Kraxner et Czernovsky, qui ont non seulement réalisé mais aussi écrit et monté le film, consolident l'impression brumeuse et éphémère qui se dégage du film à travers les images granuleuses, très belles, filmées par Antonia de la Luz Kašik. À la direction artistique, Hanga Balla et Pauline Stephan donnent vie à ce monde par des choix de couleurs très minutieux qui baignent toute la palette décors dans des teintes bleues et froides. Au-delà de l'étalonnage, la couleur du titre se pose sur les vêtements, le carrelage, les bouteilles, les liquides, bleus eux aussi, et même le reflet bleuté des écrans de téléphone sur les visages, mais ces choix ne choquent jamais : ils pénétrent l'inconscient du spectateur et y restent.

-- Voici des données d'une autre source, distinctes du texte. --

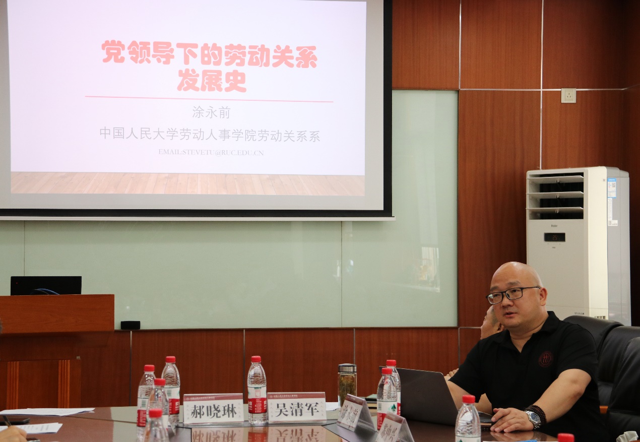 随后,william威廉中文官网劳动关系教师党支部书记涂永前以“党领导下的劳动关系发展史”为主题进行专题讲授。涂永前梳理了中国共产党领导下的劳动关系发展七阶段,阐释了新时代和谐劳动关系的内涵意义。
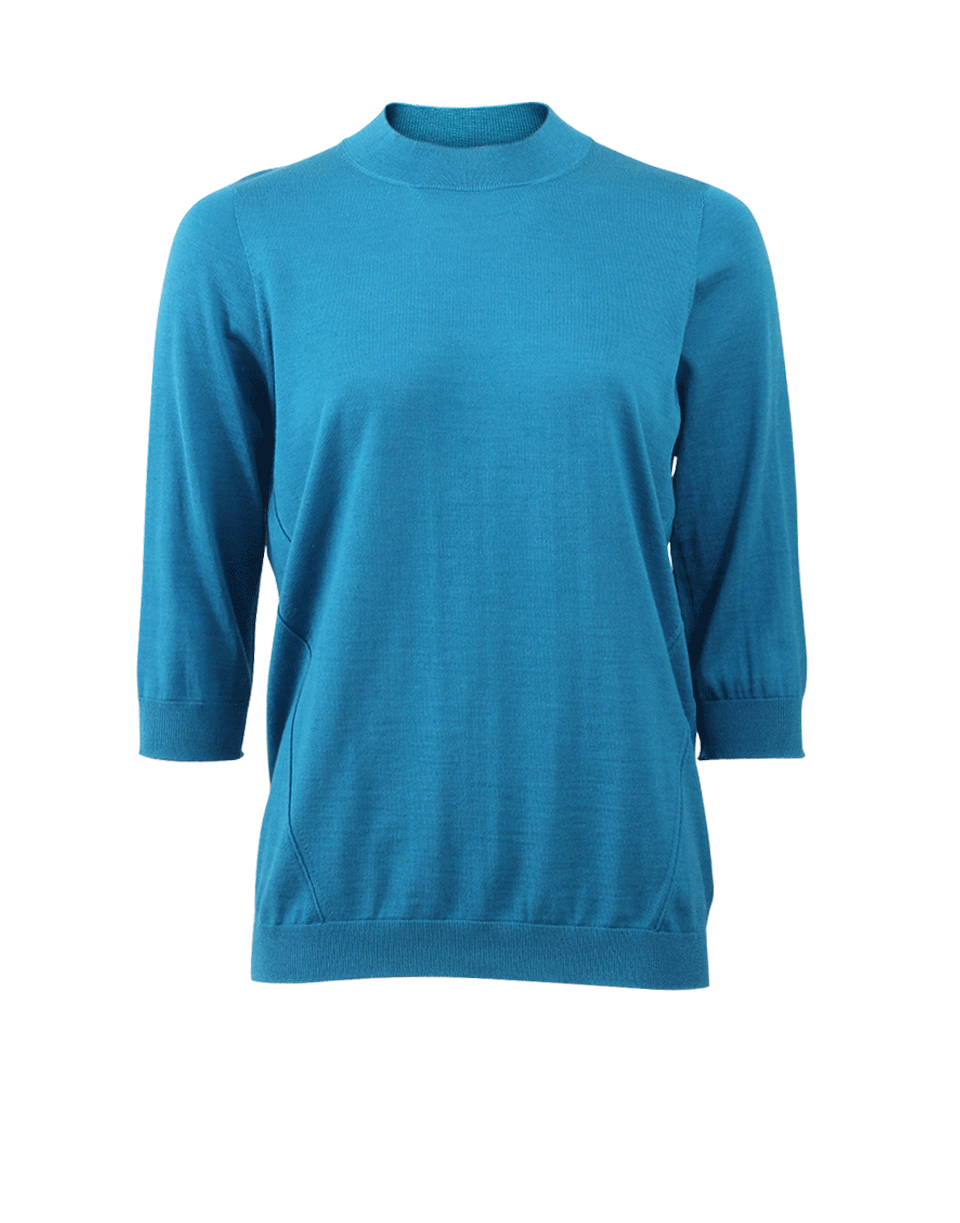 Mock Turtleneck With Ribbing Detail At Neck And Cuffs And Three-Quarter Sleeve
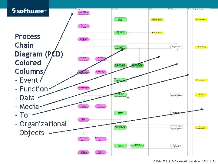 Process Chain Diagram (PCD) Colored Columns - Event - Function - Data - Media - To - Organizational Objects 2/24/2021 | Software AG User Group 2011 | 33
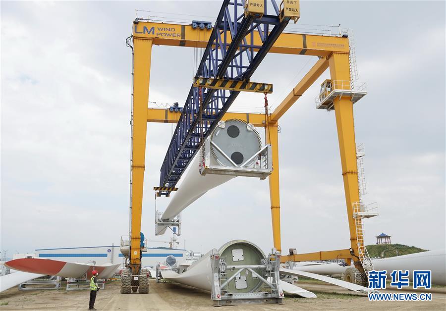 8月1日,秦皇岛经济技术开发区一家风电设备生产企业的工人在操作吊装设备吊运风力发电机叶片。

Ce ne sera certainement pas la tasse de thé de tout le monde, mais ce style et ces choix techniques évoquant la liminalité, qui font que le film vous colle au cerveau, sont indéniablement efficaces. Compte tenu de l'approche subjective et phénoménologique pour laquelle ont opté les réalisatrices, le spectateur est censé se laisser porter, tout simplement, et habiter ces lieux, sans se concentrer sur les spécificités de chaque scène. Kraxner et Czernovsky le spectateur dans un état de ressouvenir, dans une dimension où le temps n’est pas linéaire et où les souvenirs surgissent à travers le brouillard, pas toujours avec le même degré de clarté. Ces instantanés montrant la vie d'Errol et Sasha rendent compte de leur existence hétérotopique, d'une certaine fugacité dans leur mobilité et de la déconnexion qu'engendre le monde d'aujourd’hui. Ici, ce n’est pas le parcours ni la destination qui comptent, mais, probablement, quelque chose de flottant, quelque part entre les deux.
bluish a été produit par la société autrichienne Panama Film. Les ventes internationales du film sont assurées par Square Eyes.